By Dave Yin / Nov 12, 2019 05:53 AM / Economy

Photo: VCG

Photo: VCG

China raised its 2019 national rare earths production quotas by at least 10% last week amid heightened optimism of a phased trade deal with the U.S., though such hopes weakened over the weekend based on remarks by U.S. President Donald Trump.

The world’s largest producer of the chemical elements set its mining quota for the year at 132,000 tons and the smelting and separation quota at 127,000 tons, according to a statement (link in Chinese) Friday by the Ministry of Industry and Information Technology. The quotas were up 10% and 10.4% respectively from 2018 allotments.

The announcement followed months of speculation that China might leverage its dominance in rare earths in the trade war by restricting sales to the U.S., a major buyer. The country’s exports fell 18.2% year-on-year in May amid comments from Beijing that it would not tolerate use by countries that seek to hurt China’s interests.

Rare earths are 17 minerals used in products ranging from consumer electronics to military equipment. China releases national quotas semiannually, though this year’s November release came three months later than last year’s second-half announcement.

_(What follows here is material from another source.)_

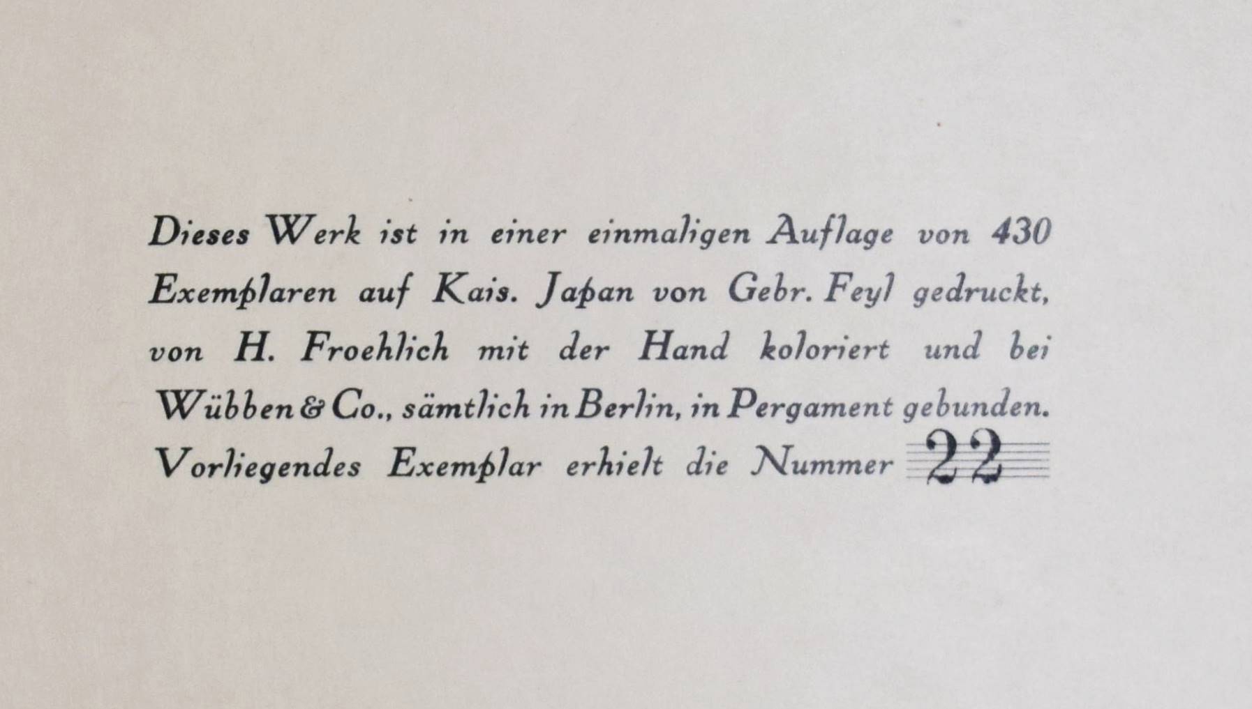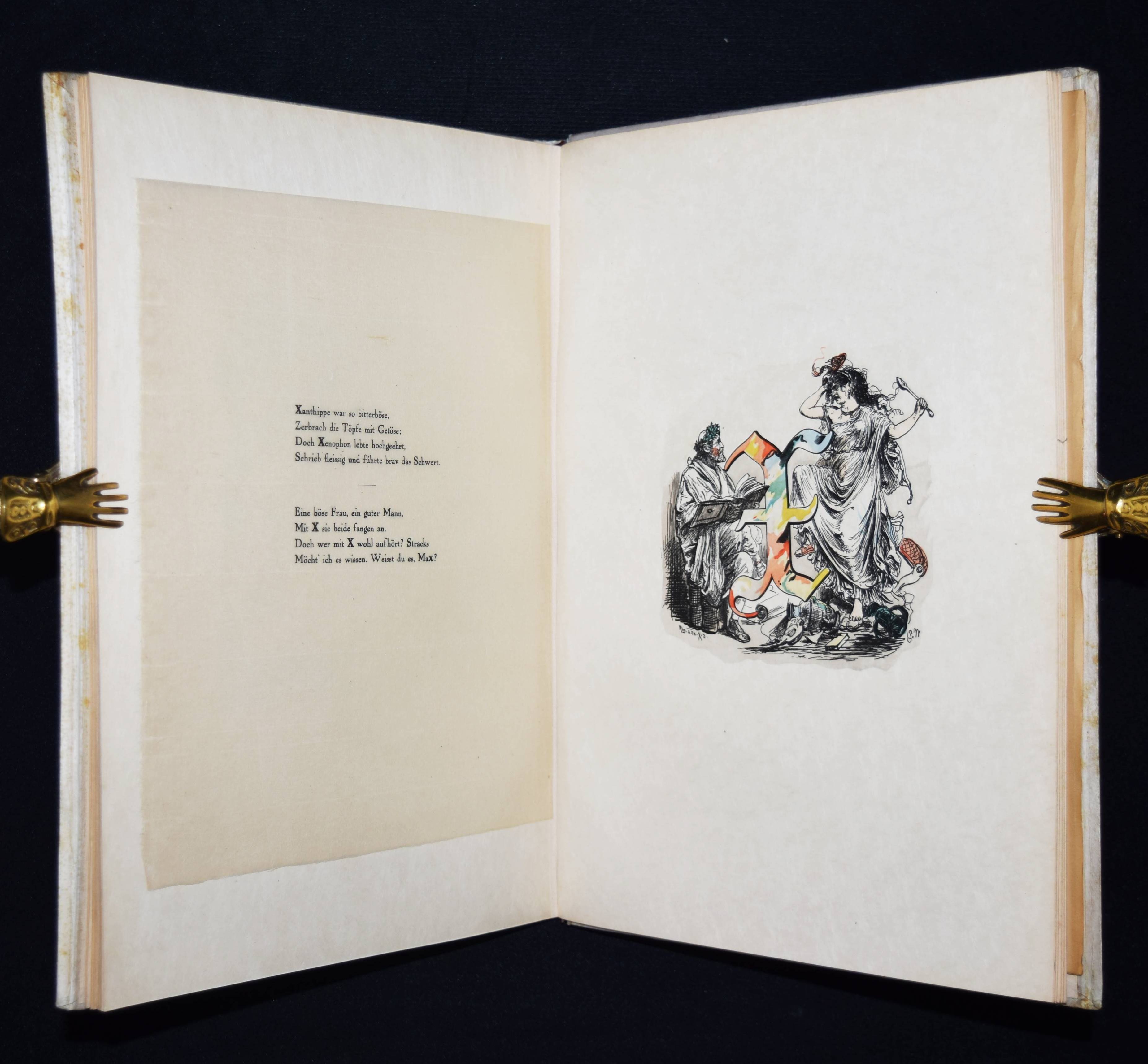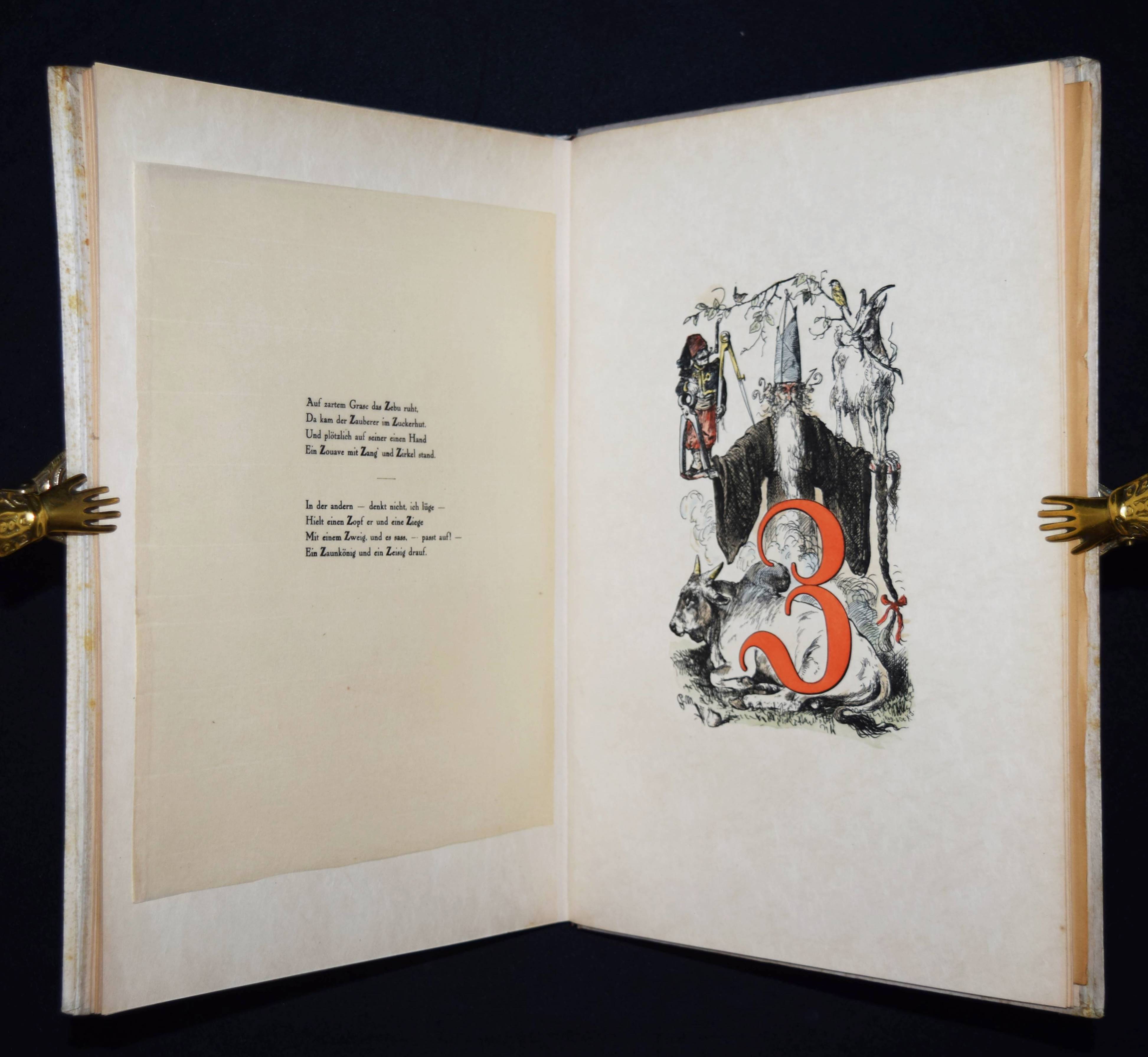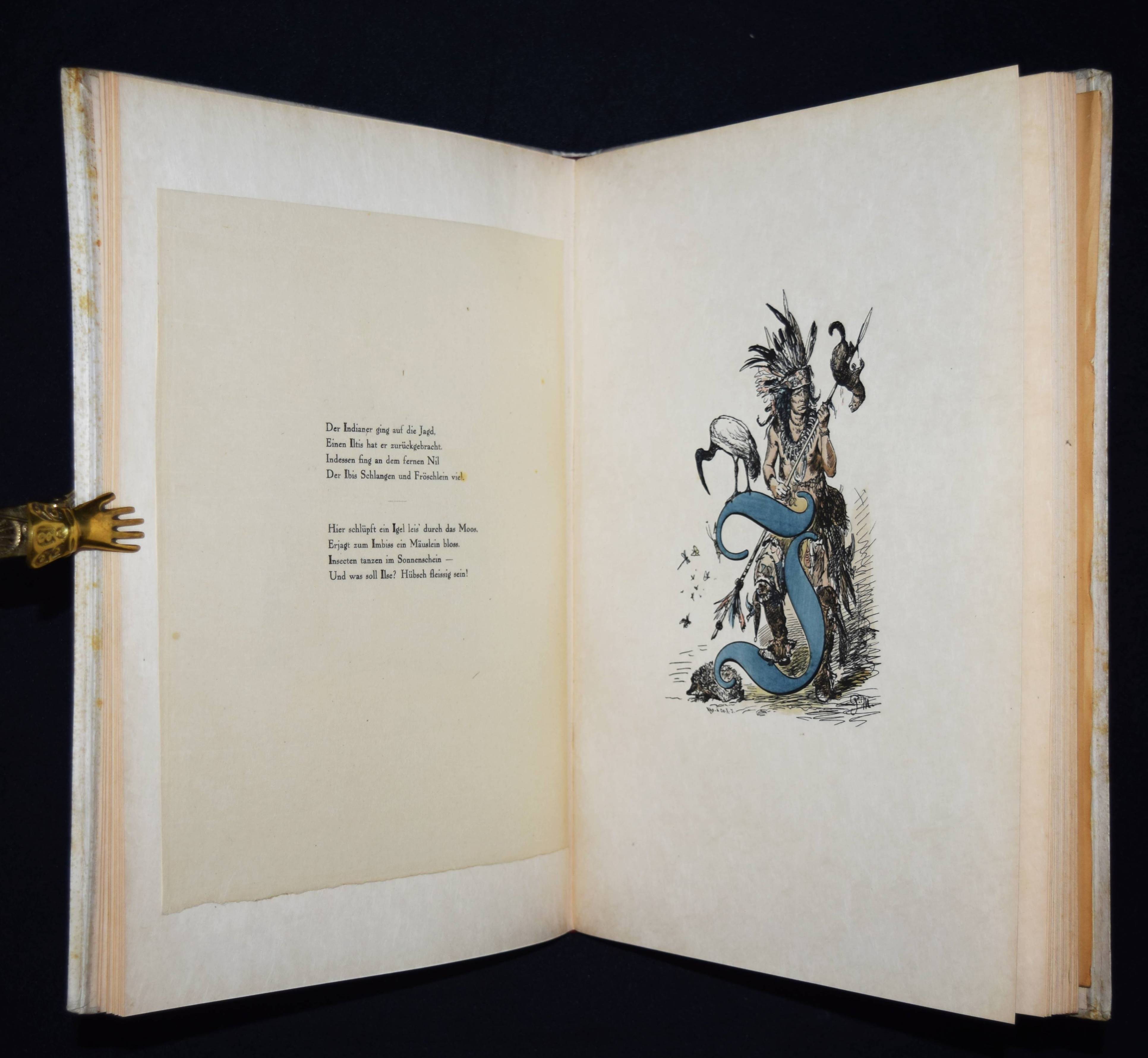 ABC – Meyerheim, Paul. ABC. Siebenundzwanzig aquarellierte Original-Zeichnungen. Verse von Johannes Trojan. Berlin, Brandus’sche Verlagsbuchhandlung 1916. 4°. [28] Bl. mit handkol. Titelvignette u. 25 handkol. lithogr. Tafeln (Kolorit: H. Froehlich). OPrgt. mit goldgepr. Rückentitel u. handkol. Deckelvignette sowie Kopfgoldschnitt. Seebaß I, 1264. Vgl. Slg. Brüggemann I, 538. Göbels 132 f. Hauswedell 840. Oldenburg, Künstler 114 (mit Abb.). Oldenburg, 19. Jahrhundert F 23. Ries 723, 2. Wegehaupt III, 2402 (mit Farbabb.). Alle erste Ausgabe von 1880. – Eines von 430 num. Exemplaren auf Kais. Japan. – Bibliophile Neuausgabe in Ganzpergament. Die Verse von Trojan sind auf die Seidenhemdchen gedruckt. – „Wundervolles Buch“ (A. Seebaß). – „In amüsanter Weise sind die mit demselben Buchstaben beginnenden Dinge zusammengebracht. Dabei sind zum Teil ganz reizende Bilder entstanden“ (H. Köster S. 37). – Vorderdeckel braunfleckig, sonst gutes Exemplar.
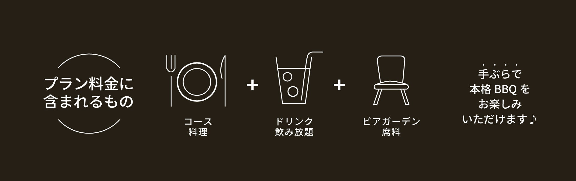 各種お飲み物はドリンクカウンターからフリーフローで自由にご利用いただけ、開放的な空間でBBQとビアガーデンを楽しみながらラグジュアリーなひと時をご提供いたします。

On Thursday, the Ministry of Commerce said China and the U.S. agreed to roll back tariffs on each other’s goods in phases, raising expectations of an imminent deal. The same day, China’s State Council issued new guidelines on foreign capital that would lift many restrictions on foreign financial institutions seeking to operate in the country.

However, Trump disputed that there was a breakthrough in negotiations, telling reporters Friday that he had not agreed to a rollback.

China accounted for 80% of U.S. rare earths supply in 2018, and the country controls at least 80% of the world’s processing capacity for these elements. In a bid to cut dependence on the country, U.S. and Australian officials are discussing joint development of critical mineral deposits.